I'm just saying I think you won't get the error message if Open MPI finds CUDA but hwloc does not.

On 03/21/2017 11:05 AM, Roland Fehrenbacher wrote:
"SJ" == Sylvain Jeaugey <sjeau...@nvidia.com> writes:
Hi Silvain,

I get the "NVIDIA : ..." run-time error messages just by compiling
with "--with-cuda=/usr":

./configure --prefix=${prefix} \
     --mandir=${prefix}/share/man \
     --infodir=${prefix}/share/info \
     --sysconfdir=/etc/openmpi/${VERSION} --with-devel-headers \
     --disable-memchecker \
     --disable-vt \
     --with-tm --with-slurm --with-pmi --with-sge \
     --with-cuda=/usr \
     --with-io-romio-flags='--with-file-system=nfs+lustre' \
     --with-cma --without-valgrind \
     --enable-openib-connectx-xrc \
     --enable-orterun-prefix-by-default \
     --disable-java

Roland
SJ> Hi Siegmar, I think this "NVIDIA : ..." error message comes from
     SJ> the fact that you add CUDA includes in the C*FLAGS. If you just
     SJ> use --with-cuda, Open MPI will compile with CUDA support, but
     SJ> hwloc will not find CUDA and that will be fine.
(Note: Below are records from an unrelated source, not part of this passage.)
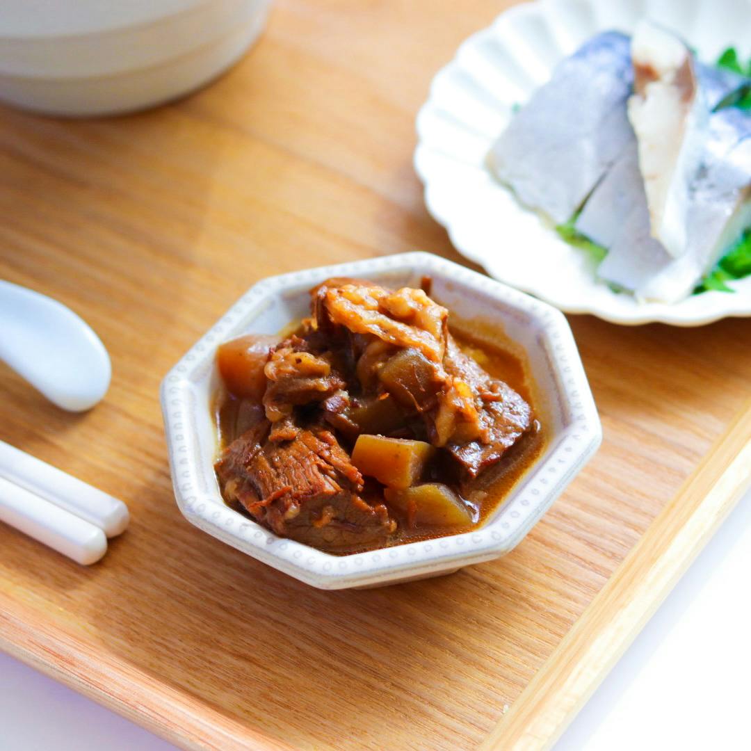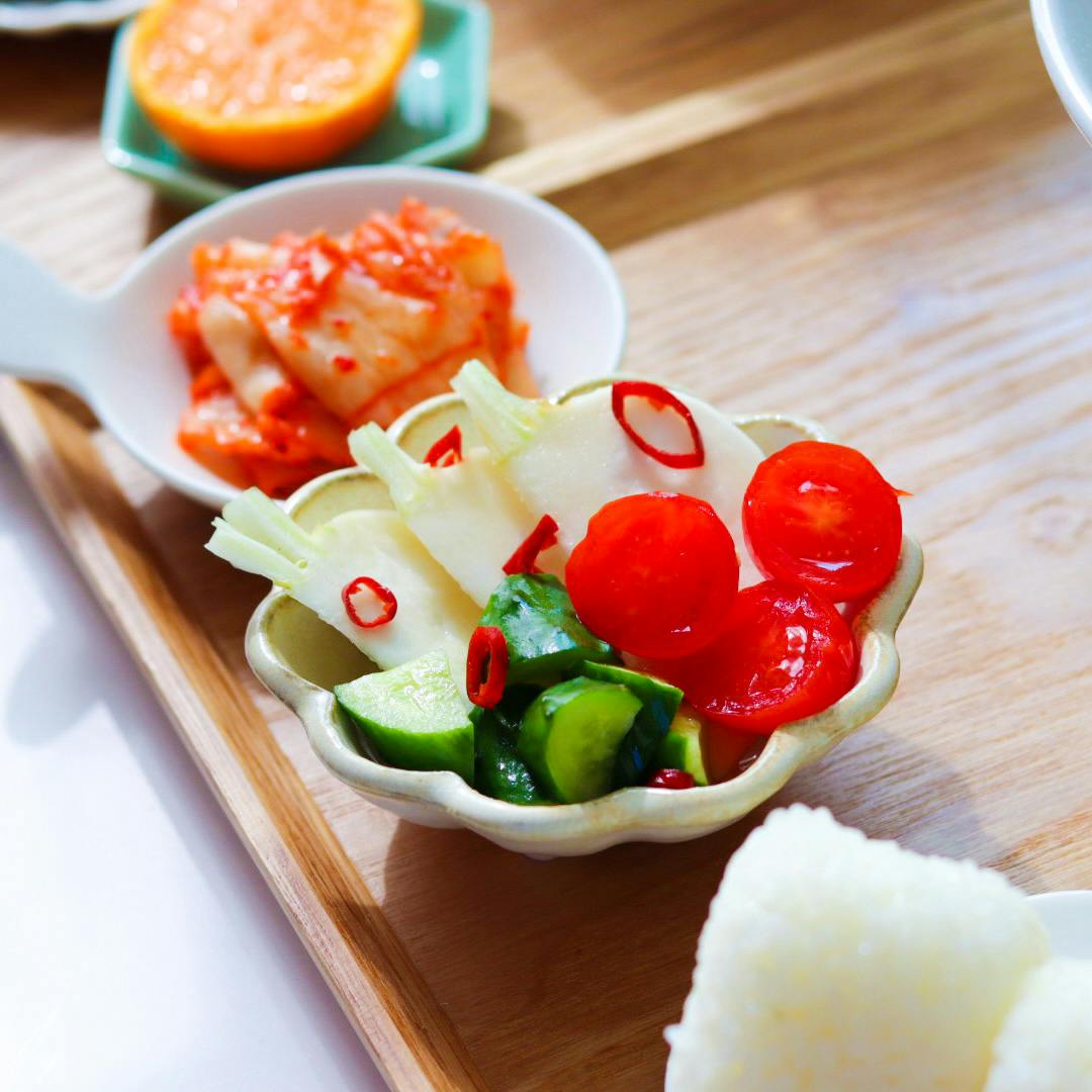 ꕤ 塩ラーメン風オカベ麺 ꕤ しめ鯖 ꕤ ピリ辛漬け ꕤ 牛すじどて煮 ꕤ キムチ ꕤ 塩むすび ꕤ フルーツ スープは、 鶏ガラスープの素・塩・にんにく・白ごま・ ごま油 で簡単に作れるので忙しい時にオススメ🤟 簡単なのに、 これが結構美味しくて。 サッポロ一番塩ラーメン超えたか!? って思うけど、 サッポロ一番塩ラーメンはアレはアレで 美味しい🥹💕 🍙は新米を土鍋で炊いて、 熱々のごはんをシンプルな塩むすびに。
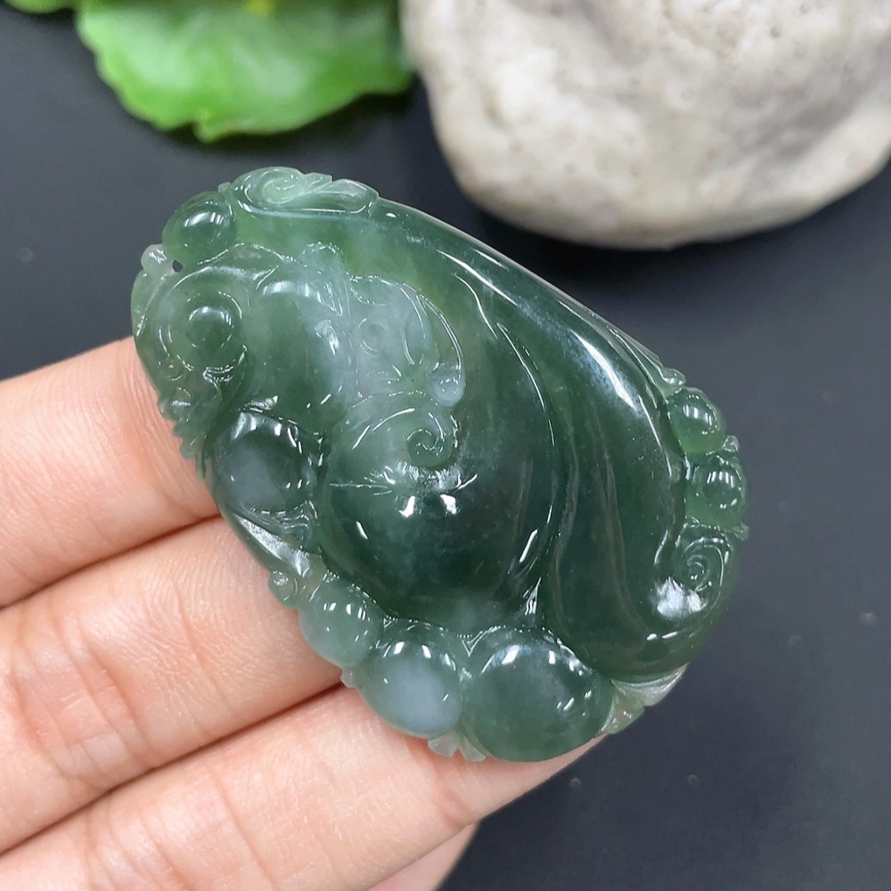 Jadeite Antique Dragon Pendant Total Weight: 13.790g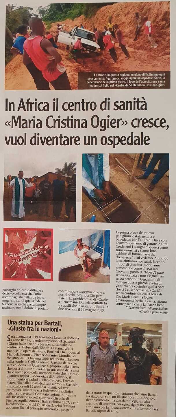 Un caro saluto a tutti....con la benedizione della prima pietra,sono ufficialmente iniziati i lavori di ampliamento del Centre de sante' a Nkongolo Monjii,un importante progetto che permetterá la costruzione di un reparto di pediatria e un sala degenza medicina generale. la costruzione del Centre de sante' ha soddisfatto le esigenze della popolazione locale e non solo, arrivano anche persone dai villaggi piú lontani per partorire e farsi curare ecco quindi l'esigenza di ampliare un centro rendendolo più completo. I medici e le suore (personale tutto locale)insieme al vescovo di Luebo ringraziano tutti per questo grande progetto fatto dai fratelli italiani in una zona completamente priva di ogni realtá sanitaria ...."Dedicatevi a quelle poche cose che contano,meravigliatevi di una nuvola che solca il cielo,siate cercatori di bellezza,siate voi stessi bellezza,quella dei sorrisi,degli sguardi profondi, degli abbracci donati."...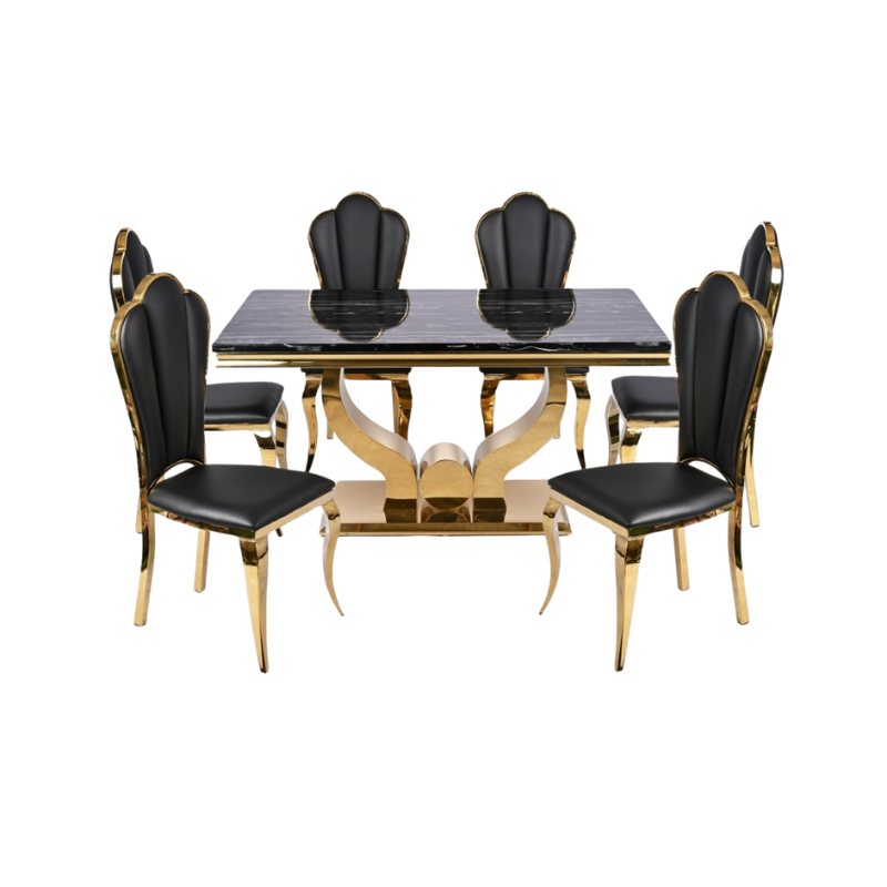 - Set Meja Makan: Paket ini termasuk meja makan marmer dan kursi hitam gold. Sempurna untuk ruang makan Anda. Tambahkan sentuhan mewah pada rumah Anda. 🏠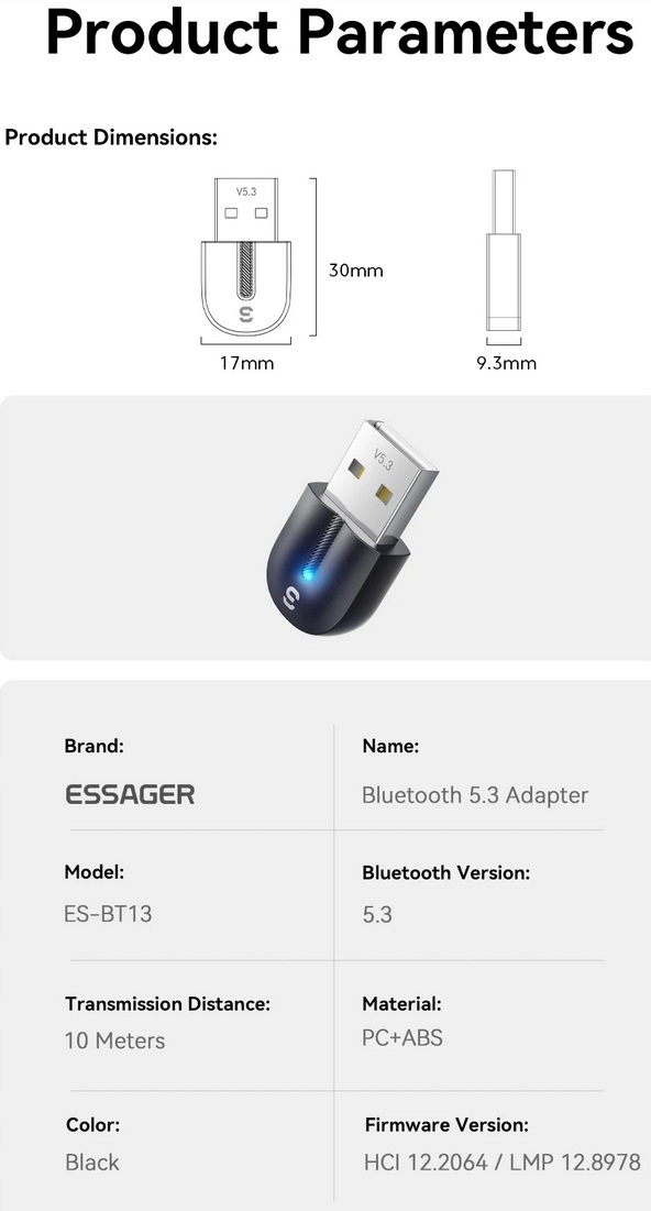 essber usb bluetooth 5.3 Адаптер 5.3 5.3 Адаптер 5.3 Адаптер 5.3 Адаптер 1sty (первоначально упакованный производителем).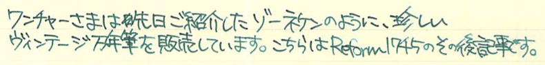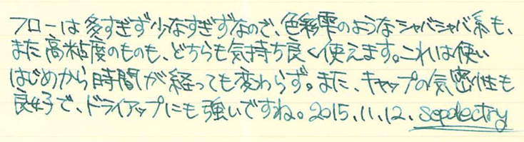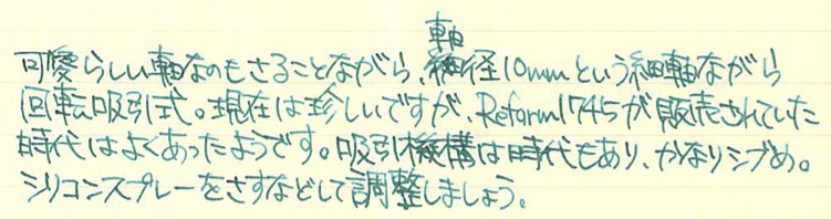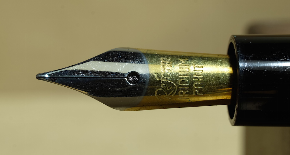 その後:Reform 1745 Category:筆記具 Date:2015年11月12日 前記事はこちらになります。レビュー:Reform 1745なぜか、定期的に供給されるワンチャーさまのリフォーム1745。廃番品ですが、いまだにデッドストックの新品を手に入れることができます。 その後記事を書いていて思うのですが、エクステンションチューブを購入してから、かなり寄った写真を撮ることができるようになって、より詳細なご紹介ができるようになっていますので、今後はその後記事にも力を入れようかと思っています。 特にニブの画像は寄れることがとても強みになりますね。ご覧の通り、デッドストックの古い万年筆ですが、美しいバイカラーのニブになっています。イリジウムポイントという表記は現在のシュミット社のニブにも見られますね。 めっきの質にもよるのでしょうが、デッドストックの宿命か、すでに購入時点で剥がれかけている部分もありました。わたしはレトロチープな雰囲気も含めてこの万年筆を気に入っているので、あまりめっきのはがれなどは気にならないのです。 このちょうどいいフローとタッチの柔らかいニブもあって、非常に書いていて楽しい、疲れない万年筆になっています。価格も2600円とお安いですし、多少の欠点に目を瞑れるならおすすめの一本だと思います。 PR
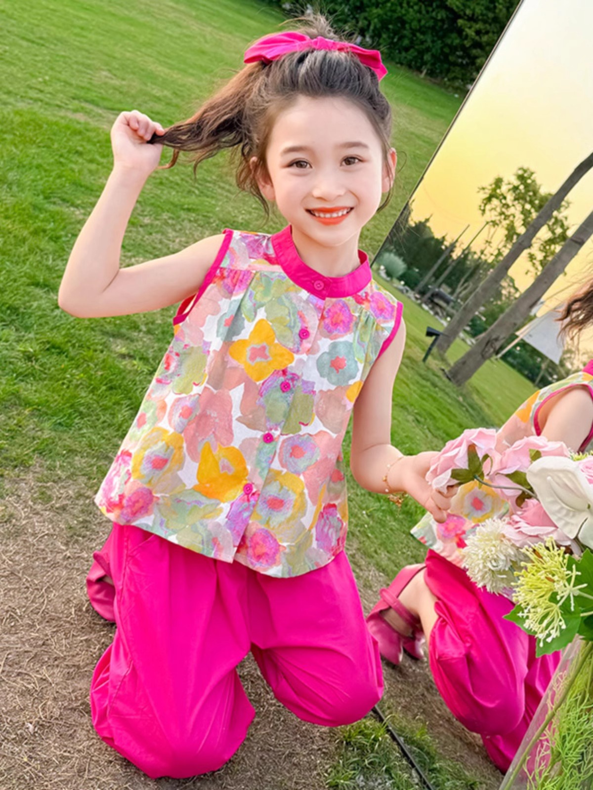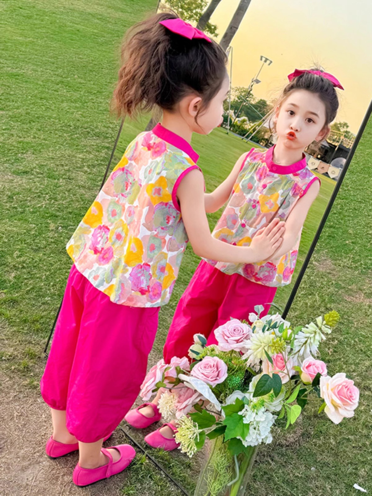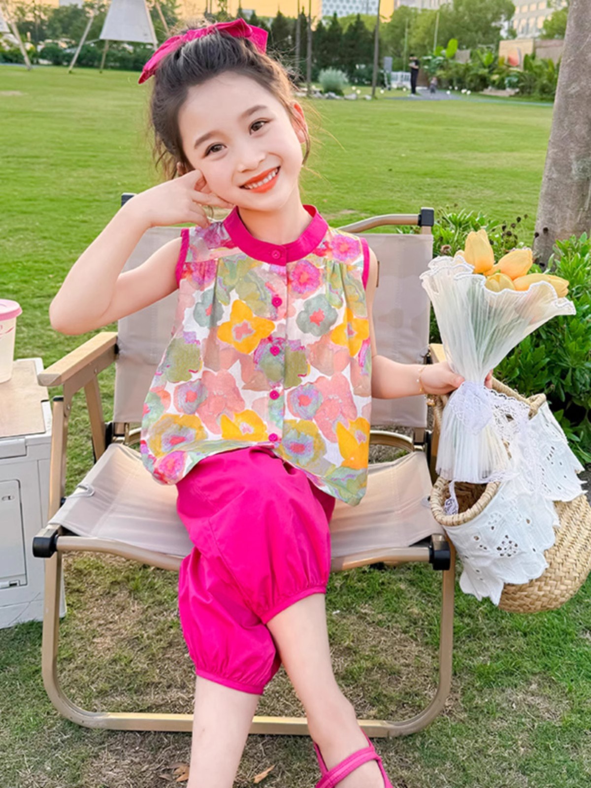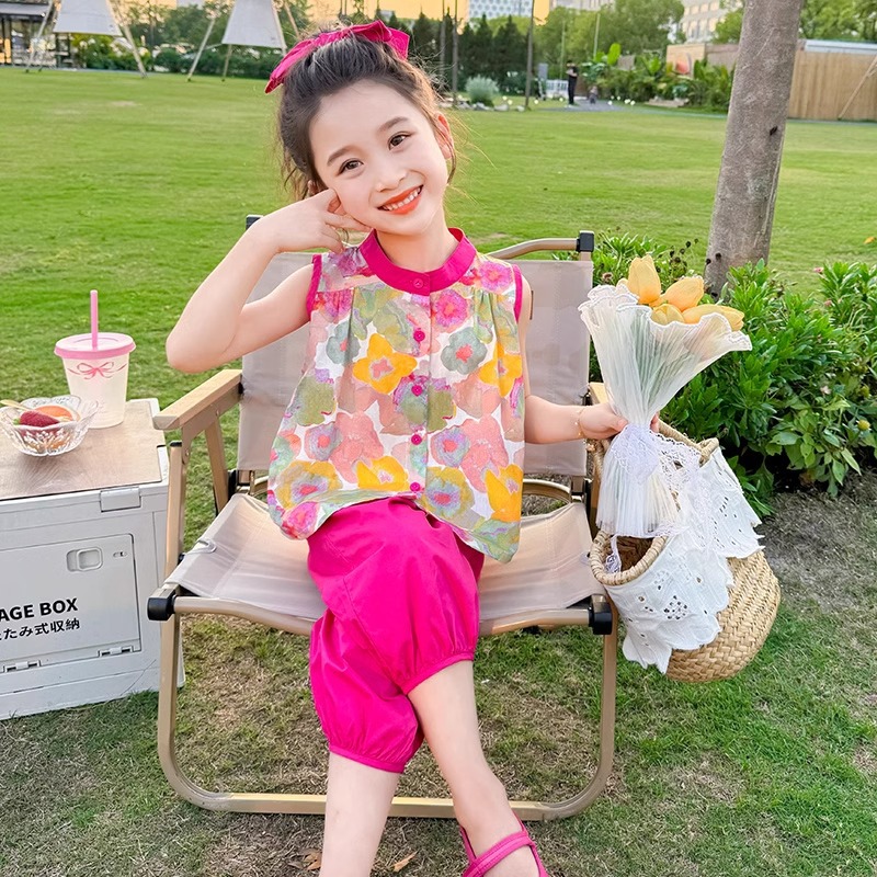 여자 여름 민소매 조끼 정장 2025 새로운 아기 스타일 레깅스 여름 투피스 세트 한국 아동복스토어 가기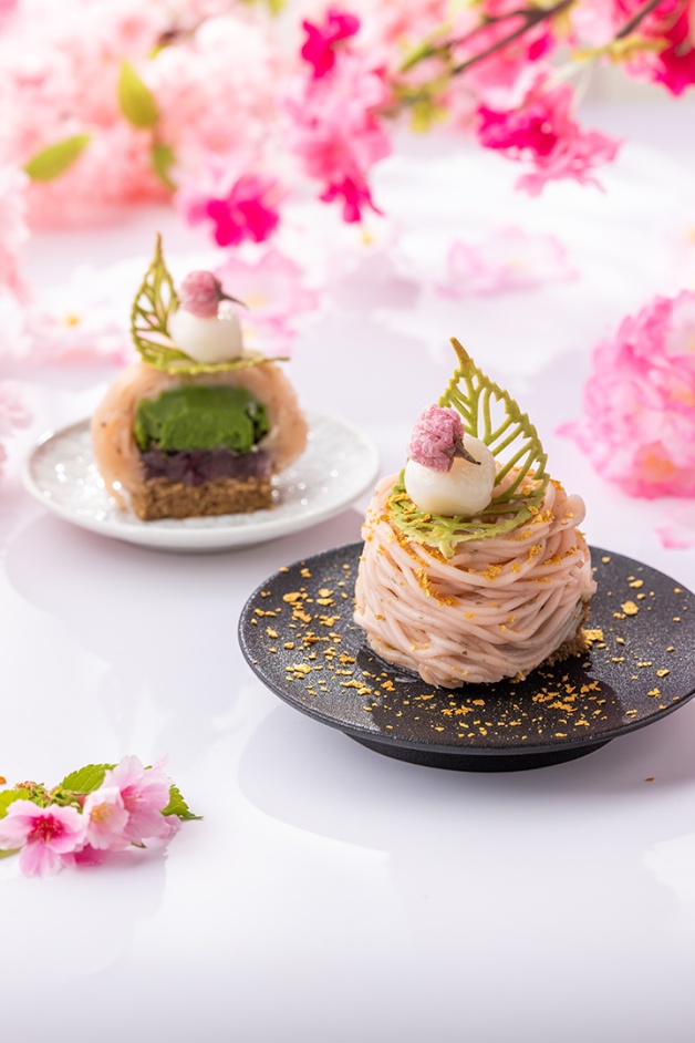 喜歡蒙布朗的妞妞們千萬別錯過!「櫻花蒙布朗」以焙茶海綿蛋糕為底,依序疊上紅豆內餡、抹茶豆沙餡、抹茶慕斯,最後製作「櫻花沙織」,上方擺上抹茶櫻花葉餅乾、白玉、鹽漬櫻花,最後以金箔脆片點綴增添貴氣。不同口感堆疊,不僅有櫻花鹹味、抹茶香氣、綿密紅豆泥、焙茶蛋糕口,更呈現出猶如櫻花粉色視覺饗宴!(3月4日起販售至4月底)

However, setting
     SJ> CUDA in CFLAGS will make hwloc find CUDA, compile CUDA support
     SJ> (which is not needed) and then NVML will show this error message
     SJ> when not run on a machine with CUDA devices.

     SJ> I guess gcc picks the environment variable, while cc does not
     SJ> hence the different behavior. So again, there is no need to add
     SJ> all those CUDA includes, --with-cuda is enough.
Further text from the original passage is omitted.